Forbes India 15th Anniversary Special

Will the government switch to a more populist form of spending?

It could strain the path to fiscal consolidation that the government had embarked on. And any slippage from its fiscal deficit target would be likely punished by the bond markets

Samar Srivastava
Published: Jun 6, 2024 04:25:08 PM IST
Updated: Jun 6, 2024 04:30:29 PM IST

Will the government switch to a more populist form of spending?A view of the Rapid rail train on June 26, 2023 in Ghaziabad, India. Image: Sakib Ali/Hindustan Times via Getty Images
Loosening one’s purse strings has more often than not been a sure-shot way to win over a fickle electorate. In light of his government retaining power with a diminished mandate, it remains to be seen if the new Narendra Modi-led government goes down this path.

A switch to a more populist form of spending—with higher subsidies, some handouts and loan waivers—could strain the path to fiscal consolidation that the government had embarked on.

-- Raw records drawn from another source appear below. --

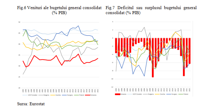 Observațiile formulate mai sus nu sunt însă specifice României. Însă, așa cum arată Figura 6 de mai jos, unul dintre elementele prin care România s-a singularizat în cadrul regiunii pe parcursul ultimilor 27 de ani a fost nivelul în permanență mai redus al veniturilor bugetului general consolidat(ca pondere în PIB) față de celelalte țări. Nu un an, nu cinci, nu zece, ci douăzeci și șapte de ani la rând, ponderea în PIB a veniturilor bugetului general consolidat a fost în cazul României semnificativ mai mică decât în Polonia, Ungaria și Cehia. Inclusiv în Bulgaria ponderea a fost în majoritatea acestei perioade mai ridicată față de România, cu excepția anilor 1995-1996 și 2011.
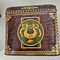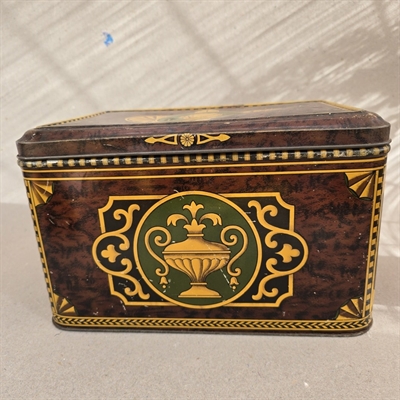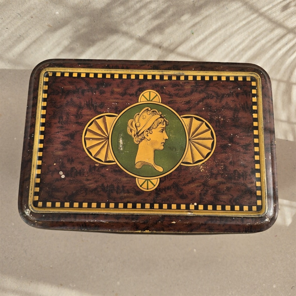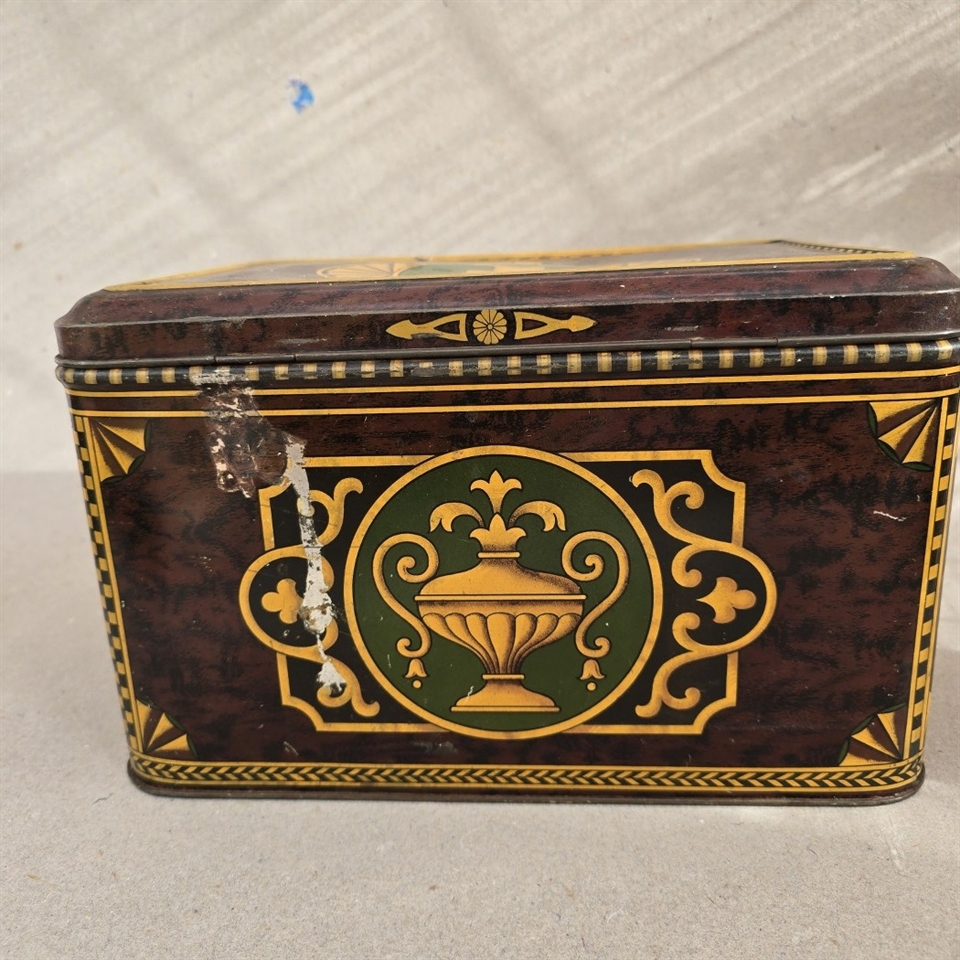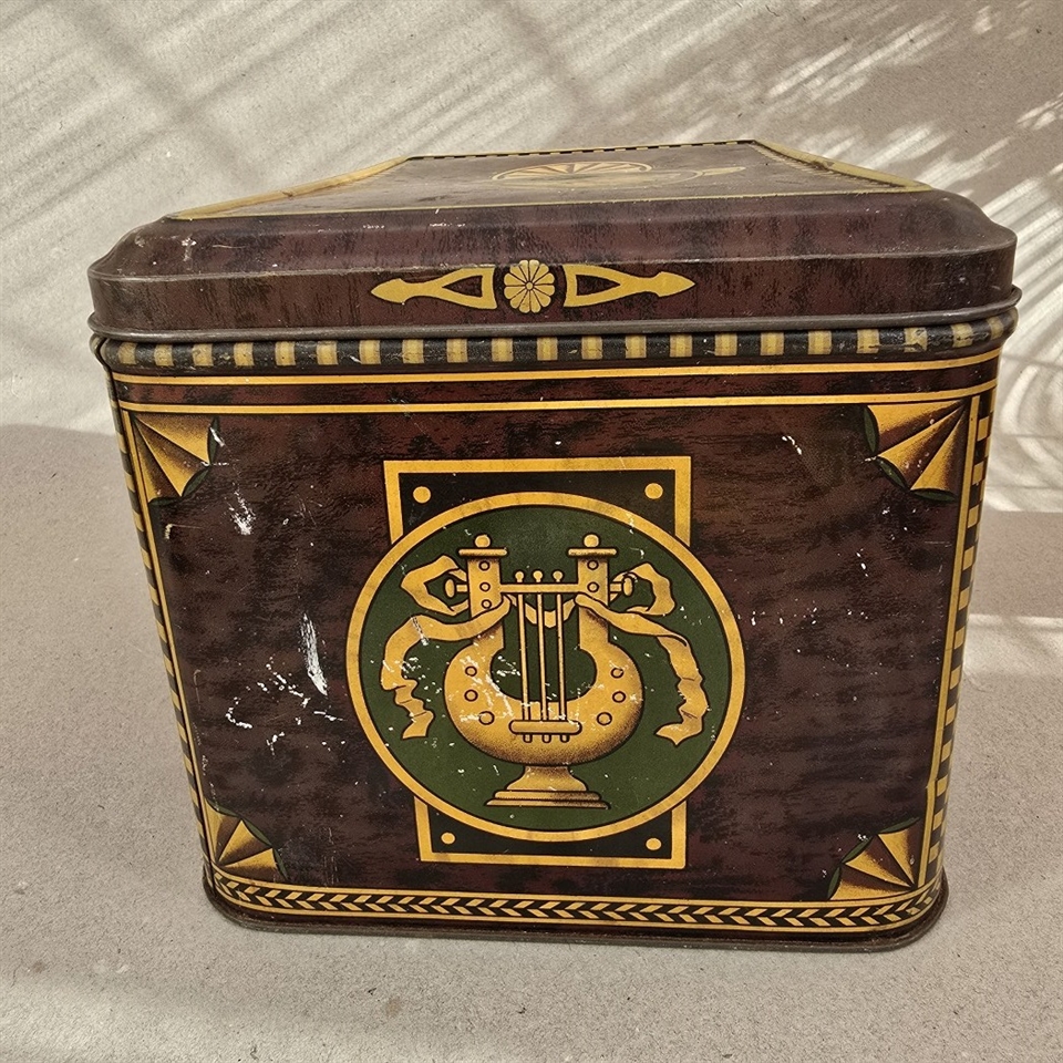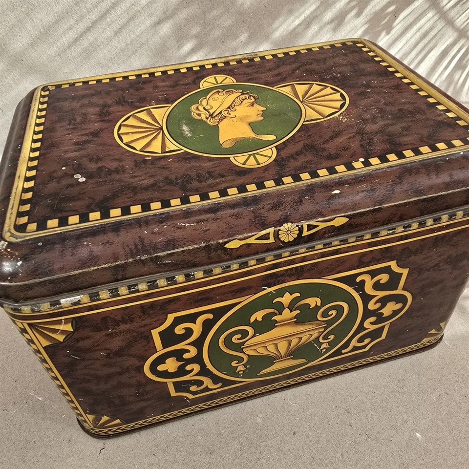Opdag den tidløse elegance og unikke charme med vores "Smuk dekoreret stor dåse, gammel blikæske". Denne eksklusive og prægtigt dekorerede metaldåse er en sand symfoni af klassisk skønhed og raffinement.
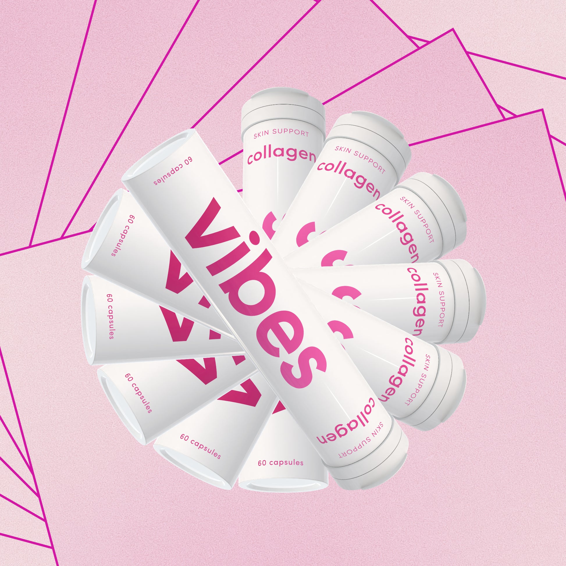 Collagen by Vibes is a daily beauty formula designed to support firmer, smoother, more radiant-looking skin from within.

The fiscal glide path it proposed promised a fiscal deficit of 4.5 percent of GDP by 2025-26. (The number of FY24 came in at 5.8 percent.) Any slippage from this number at a time when interest rates are high globally would be likely punished by the bond markets.

A key factor in understanding how much the government would have to bend is in looking at the composition of the government. As things stand, it is heavily dependent on the Telugu Desam Party (TDP) as well as the Janta Dal United (JDU) with 16 and 12 MPs respectively. “These two are skilled at coalition politics and some provisions will have to be made for demands for special packages for Bihar and Andhra Pradesh,” says Pronab Sen, former chief statistician of India. “How it plays out is difficult to say, but the government has some headroom with the RBI dividend it recently received,” he adds.

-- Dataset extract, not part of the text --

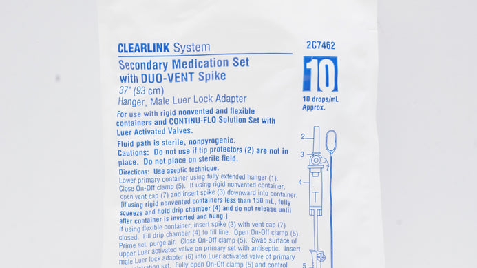 Baxter 2C7462 Clearlink System Secondary Medication Set With Duo-Vent Spike 37inch Hanger, Male Luer Lock Adapter 10Drops/mL
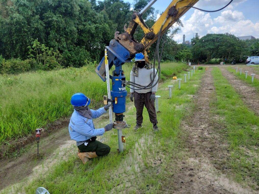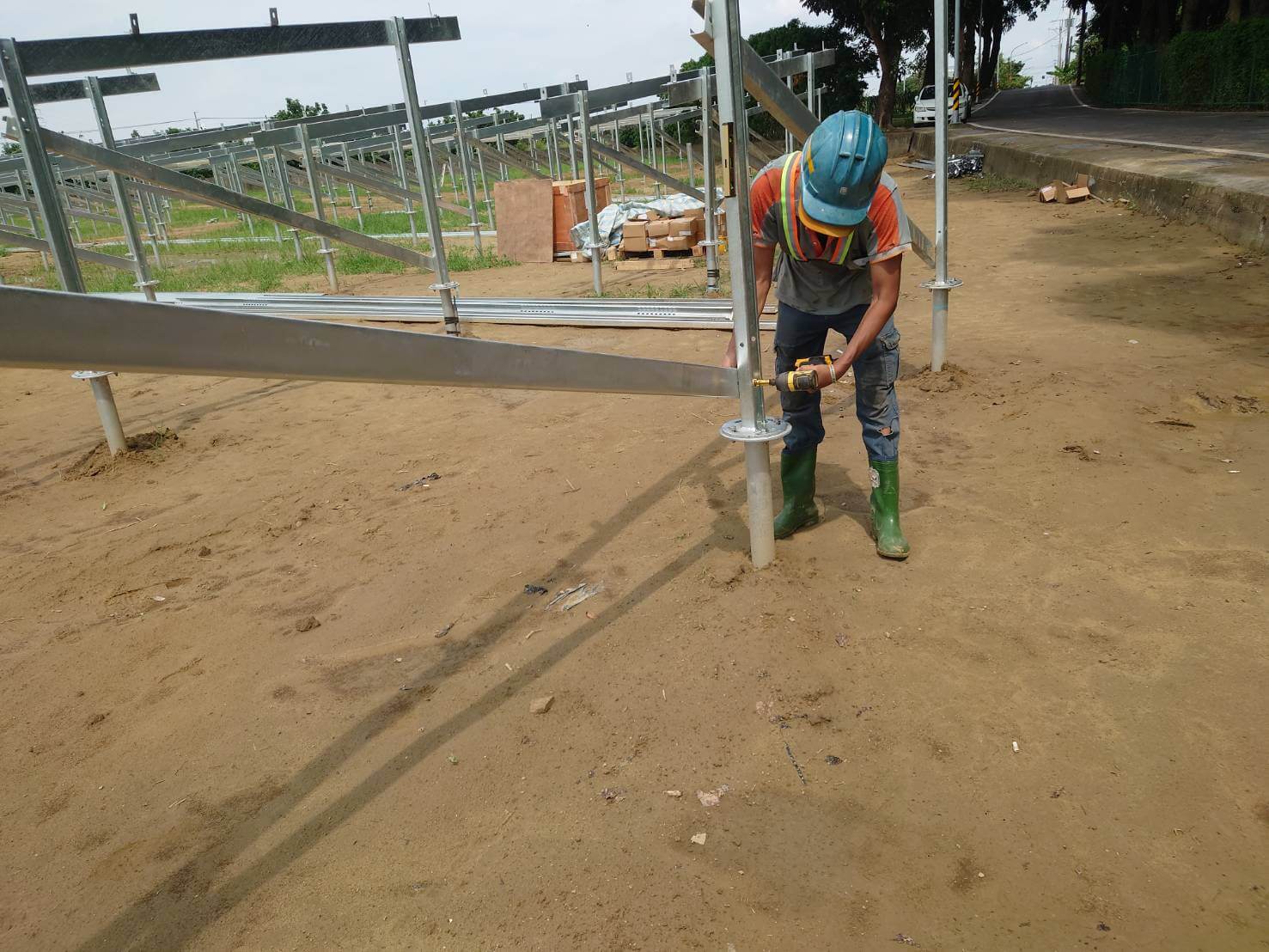 整地、螺旋樁施工、綱構支架太陽能版安裝、直交流電接地安裝、高低壓盤體、機電平台連工帶料、TR、RMU安裝、地下管路佈放、物料貨櫃拆櫃

If either the TDP or the JDU walk out of the government, their reliance on smaller parties like the Shiv Sena or Lok Janshakti Party would rise dramatically. That is an eventuality the government would want to avoid at all costs. It would also be hard for the government to draw parties from the I.N.D.I.A alliance and so it would think very hard before saying no to the demands of its two largest partners.

There are some ways out though. In the past, so-called populist schemes have been renamed by the Modi-government and continued. For instance, the Right to Food Act that was brought in by the UPA government was eventually modified and became the Pradhan Mantri Garib Kalyan Yojana. It provides free food grains to 800 million beneficiaries.

Second, funds may be promised, but the implementation may slow down. This is the problem most infrastructure spends in India had faced in the past. Funds would not be released and construction would slow down. It is possible that if money is to be diverted elsewhere, then the government’s plan to spend Rs11 lakh crore on infrastructure could see some curtailment. It would also depend to a large extent on which of the partners, if any, gets key ministries like the railways, roads, ports and telecom.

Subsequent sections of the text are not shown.